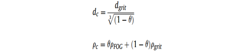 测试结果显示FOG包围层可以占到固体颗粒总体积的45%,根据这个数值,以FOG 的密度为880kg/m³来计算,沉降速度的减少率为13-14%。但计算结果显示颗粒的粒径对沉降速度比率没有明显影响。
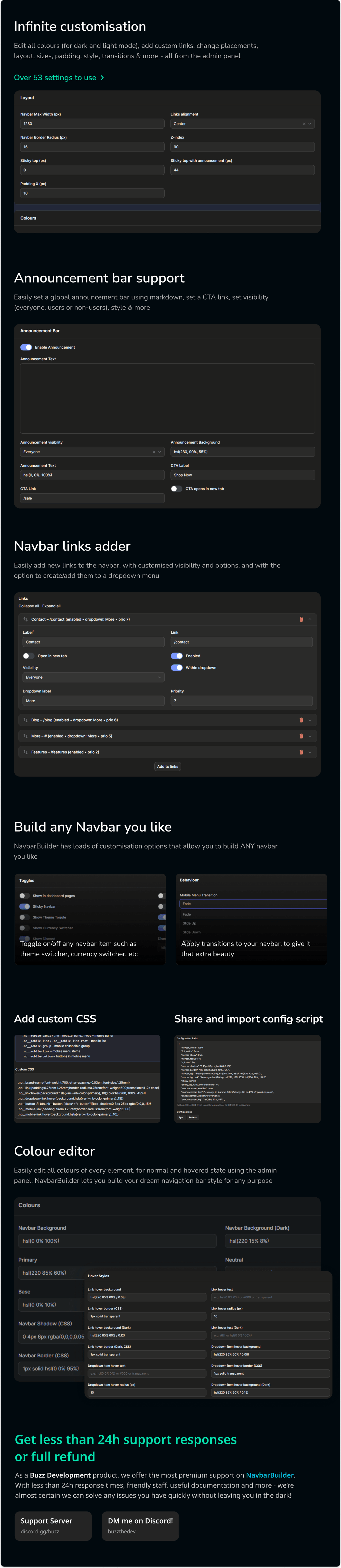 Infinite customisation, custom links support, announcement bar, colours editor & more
==
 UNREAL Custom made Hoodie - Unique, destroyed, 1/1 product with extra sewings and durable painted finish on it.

Problem details |
Transcribe, word for word, the lines of the listing above from the one that contains "测试结果显示FOG包围层可以" through the one that contains "Infinite customisation, custom", keeping both ends and dropping the pictures.

Answer for the task |
 测试结果显示FOG包围层可以占到固体颗粒总体积的45%,根据这个数值,以FOG 的密度为880kg/m³来计算,沉降速度的减少率为13-14%。但计算结果显示颗粒的粒径对沉降速度比率没有明显影响。
 Infinite customisation, custom links support, announcement bar, colours editor & more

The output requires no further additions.